Song Zihao, Li Qingnuo, Zhao Jincheng, Bu Qinggang, Bian Zekang, Qu Jia
The School of Computer Science and Artificial Intelligence & Aliyun School of Big Data, Changzhou University, Changzhou, China.
The School of AI & Computer Science, Jiangnan University, Wuxi, China.
PeerJ. 2025 Aug 5;13:e19637. doi: 10.7717/peerj.19637. eCollection 2025.
Antibiotics play a critical role in treating microbial infections. However, their widespread use has contributed to the growing problem of microbial resistance. Addressing this challenge requires the identification of new microbe-drug associations to support the development of novel therapeutic strategies. Since traditional wet-lab experiments are time-consuming and costly, computational models offer an efficient alternative for discovering potential applications of existing drugs against previously untested microbes. These models can facilitate the identification of novel microbe-drug associations and help counteract resistance mechanisms.
This study proposes a novel computational model: convolutional neural network with Bernoulli random forest for Microbe-Drug Association prediction (CNNBRFMDA). The model constructs feature vectors for all microbe-drug pairs based on known associations, microbe similarity, and drug similarity. A subset of these vectors is randomly selected to form the training set. A convolutional neural network (CNN) is then used to reduce the dimensionality of all feature vectors, including those in the training set.
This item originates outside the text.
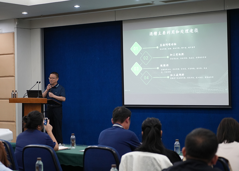 沈教授結(jié)合路德環(huán)境在白酒糟發(fā)酵飼料領(lǐng)域的研發(fā)、探索及應(yīng)用實踐,從飼料資源短缺的思考、白酒糟資源與利用現(xiàn)狀、白酒糟發(fā)酵原料的價值、白酒糟發(fā)酵原料在畜牧業(yè)的應(yīng)用等方面進行了分析與分享,沈教授提出當(dāng)前國內(nèi)飼料資源面臨短缺,運用工業(yè)化思維開發(fā)利用非糧型飼料資源,尤其是白酒糟、醋糟等營養(yǎng)價值高的飼料原料,市場前景非常廣闊,引發(fā)了現(xiàn)場聽眾激烈的討論。

The reduced training set is subsequently used to train a Bernoulli random forest (BRF) to predict potential microbe-drug associations. The innovation of CNNBRFMDA lies in its integration of CNN for nonlinear feature extraction and BRF for robust prediction. This approach enhances computational efficiency and improves the model's ability to capture complex patterns, thereby increasing the precision and interpretability of drug response predictions. The dual use of the Bernoulli distribution in BRF ensures algorithmic consistency and contributes to superior performance.
The model was evaluated using five-fold cross-validation on the Microbe-Drug Association Database (MDAD) and abiofilm datasets. CNNBRFMDA achieved mean AUC scores of 0.9017 ± 0.0032 (MDAD) and 0.9146 ± 0.0041 (abiofilm). Two case studies further validated the model's reliability: 41 of the top 50 predicted microbes associated with ciprofloxacin and 38 of the top 50 associated with moxifloxacin were confirmed through literature review.
抗生素在治疗微生物感染中发挥着关键作用。然而,它们的广泛使用导致了微生物耐药性这一日益严重的问题。应对这一挑战需要识别新的微生物 - 药物关联,以支持新型治疗策略的开发。由于传统的湿实验室实验既耗时又昂贵,计算模型为发现现有药物针对以前未测试的微生物的潜在应用提供了一种有效的替代方法。这些模型可以促进新型微生物 - 药物关联的识别,并有助于对抗耐药机制。
本研究提出了一种新型计算模型:用于微生物 - 药物关联预测的卷积神经网络与伯努利随机森林(CNNBRFMDA)。该模型基于已知关联、微生物相似性和药物相似性为所有微生物 - 药物对构建特征向量。随机选择这些向量的一个子集形成训练集。然后使用卷积神经网络(CNN)来降低所有特征向量的维度,包括训练集中的那些。随后使用降维后的训练集训练伯努利随机森林(BRF)来预测潜在的微生物 - 药物关联。CNNBRFMDA的创新之处在于其将用于非线性特征提取的CNN和用于稳健预测的BRF相结合。这种方法提高了计算效率,增强了模型捕捉复杂模式的能力,从而提高了药物反应预测的精度和可解释性。BRF中伯努利分布的双重使用确保了算法的一致性,并有助于实现卓越的性能。
该模型在微生物 - 药物关联数据库(MDAD)和生物膜数据集上使用五折交叉验证进行评估。CNNBRFMDA在MDAD上的平均AUC分数为0.9017±0.0032,在生物膜数据集上为0.9146±0.0041。两个案例研究进一步验证了该模型的可靠性:通过文献综述证实,与环丙沙星相关的前50种预测微生物中有41种,与莫西沙星相关的前50种中有38种。